This summer I had to do something that went against one of my most dearly held desires: I asked my ex-husband if he could pay for the full cost of our daughter’s summer camp. I even said please.
It’s important to understand that only a few years ago, I stood in my apartment and raised my clenched fist to the sky à la Scarlett O’Hara digging a carrot from the scorched earth of Tara and hoisting it to the tune of “With God as my witness, I’ll never go hungry again!”—only the tune I sang was “I’ll never depend on that man for money again!”
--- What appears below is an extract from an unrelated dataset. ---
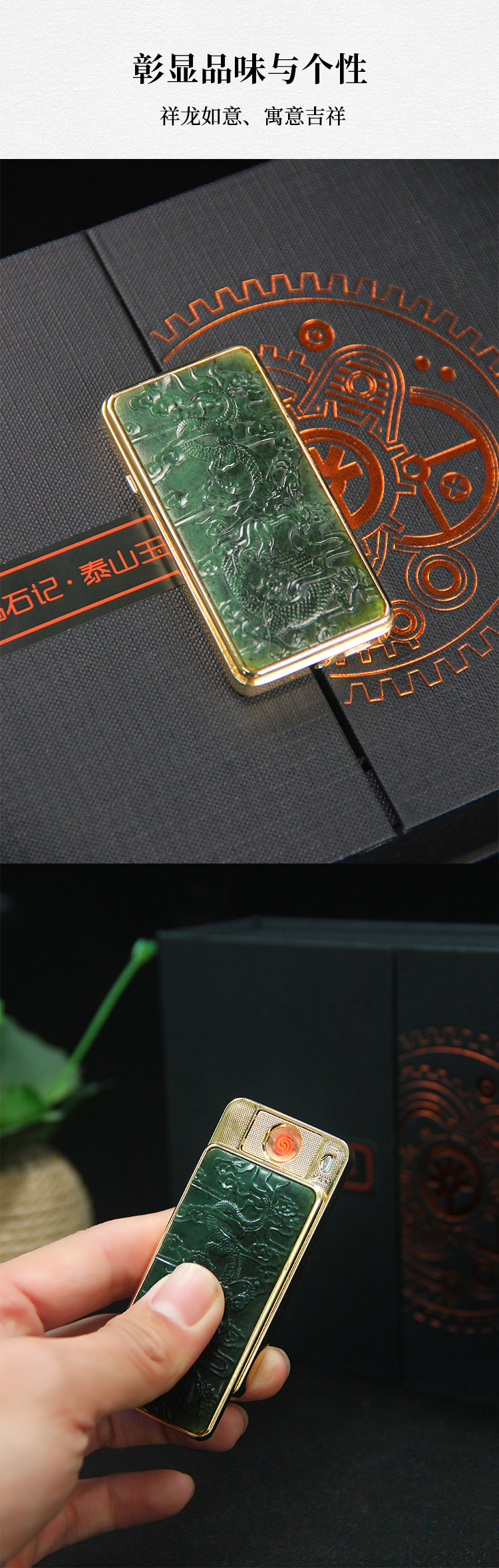 遇石记镶嵌泰山玉原创设计创意打火机个性商务礼品高端防风点烟器

Of course my ex-husband and I share child-rearing costs. Somewhere in the legalese of my divorce agreement lies a frighteningly specific account of exactly what percentage each of us must contribute for which expenses, with details that cover every contingency from college tuition to outgrown pants. The amounts are calibrated to reflect the amount of time my ex, the non-custodial parent, theoretically spends with our daughter worked through the lens of the differential between our projected earning potential for the next twelve years.
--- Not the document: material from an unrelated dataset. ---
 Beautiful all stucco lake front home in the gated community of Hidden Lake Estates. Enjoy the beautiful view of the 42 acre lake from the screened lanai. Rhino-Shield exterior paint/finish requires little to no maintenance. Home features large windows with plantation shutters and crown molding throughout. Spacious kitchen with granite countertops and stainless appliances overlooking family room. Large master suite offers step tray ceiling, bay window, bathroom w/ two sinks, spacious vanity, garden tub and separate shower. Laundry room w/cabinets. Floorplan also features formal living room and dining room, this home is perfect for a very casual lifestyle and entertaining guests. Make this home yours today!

We spent months arriving at these figures. Now, three years later, they couldn’t be more irrelevant. In the interim, my remarriage has eliminated alimony, I added a stepdaughter, I returned to full-time employment, and my daughter left private pre-school for public elementary school. Using prior income calculations to determine who pays for what is as precise as a game of blind man’s bluff.
My current husband and his ex-wife use a completely different set of measures to determine how they pay for my stepdaughter’s expenses. They have joint physical custody, 50/50 down the line, and they have a separate bank account into which they each contribute a monthly sum and from which all expenses are supposed to be made. But with a blended family, how can we reasonably expect that a trip to the supermarket in which we buy food for a week, school supplies for each child, new socks for one, an alarm clock for the other, will result in an accurate tabulation of which account the socks go into and how much food fits into child support calculations? If I manage to slip my cell phone bill into an envelope marked “Work: Tax Deductions” more than once a year, I consider it a financial miracle. I really don’t know whether I’m paying out of my salary for expenses that should come out of my husband and his ex-wife’s separate account, nor can I bring myself to care. We’re a family. Families pay for socks.